[[ Information shown, beginning ]]
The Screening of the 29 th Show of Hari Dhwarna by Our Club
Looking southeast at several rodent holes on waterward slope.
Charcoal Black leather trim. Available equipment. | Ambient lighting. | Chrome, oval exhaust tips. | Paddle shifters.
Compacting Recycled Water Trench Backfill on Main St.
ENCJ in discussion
[[ Information shown, end ]]
[[ Information shown, beginning ]]
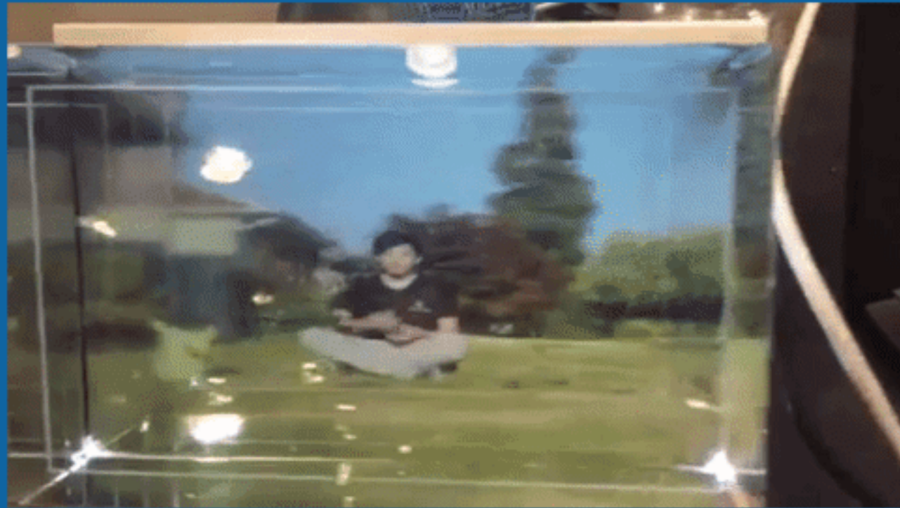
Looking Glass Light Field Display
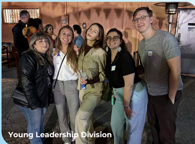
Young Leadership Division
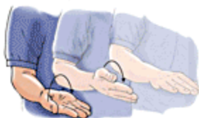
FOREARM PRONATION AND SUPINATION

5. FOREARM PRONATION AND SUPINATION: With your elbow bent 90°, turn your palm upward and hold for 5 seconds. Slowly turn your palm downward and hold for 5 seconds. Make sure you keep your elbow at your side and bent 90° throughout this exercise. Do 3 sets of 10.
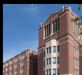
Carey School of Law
[[ Information shown, end ]]
[[ Information shown, beginning ]]
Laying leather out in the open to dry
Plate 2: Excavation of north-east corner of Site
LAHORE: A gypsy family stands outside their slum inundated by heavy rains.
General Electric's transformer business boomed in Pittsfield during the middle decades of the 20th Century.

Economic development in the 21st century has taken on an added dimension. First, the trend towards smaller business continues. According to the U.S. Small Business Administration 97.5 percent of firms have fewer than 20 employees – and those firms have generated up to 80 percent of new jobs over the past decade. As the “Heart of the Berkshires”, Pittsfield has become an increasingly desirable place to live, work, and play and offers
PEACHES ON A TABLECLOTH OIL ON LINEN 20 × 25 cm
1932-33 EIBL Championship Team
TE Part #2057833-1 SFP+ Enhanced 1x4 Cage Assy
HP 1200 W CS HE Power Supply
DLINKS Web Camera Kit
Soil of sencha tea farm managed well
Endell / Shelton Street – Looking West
[[ Information shown, end ]]
§ The task: Above are the entries. Output exactly the lines beginning with the line that has "LAHORE: A gypsy" and ending with the line that has "Economic development in".

§ Written solution:
LAHORE: A gypsy family stands outside their slum inundated by heavy rains.
General Electric's transformer business boomed in Pittsfield during the middle decades of the 20th Century.

Economic development in the 21st century has taken on an added dimension. First, the trend towards smaller business continues. According to the U.S. Small Business Administration 97.5 percent of firms have fewer than 20 employees – and those firms have generated up to 80 percent of new jobs over the past decade. As the “Heart of the Berkshires”, Pittsfield has become an increasingly desirable place to live, work, and play and offers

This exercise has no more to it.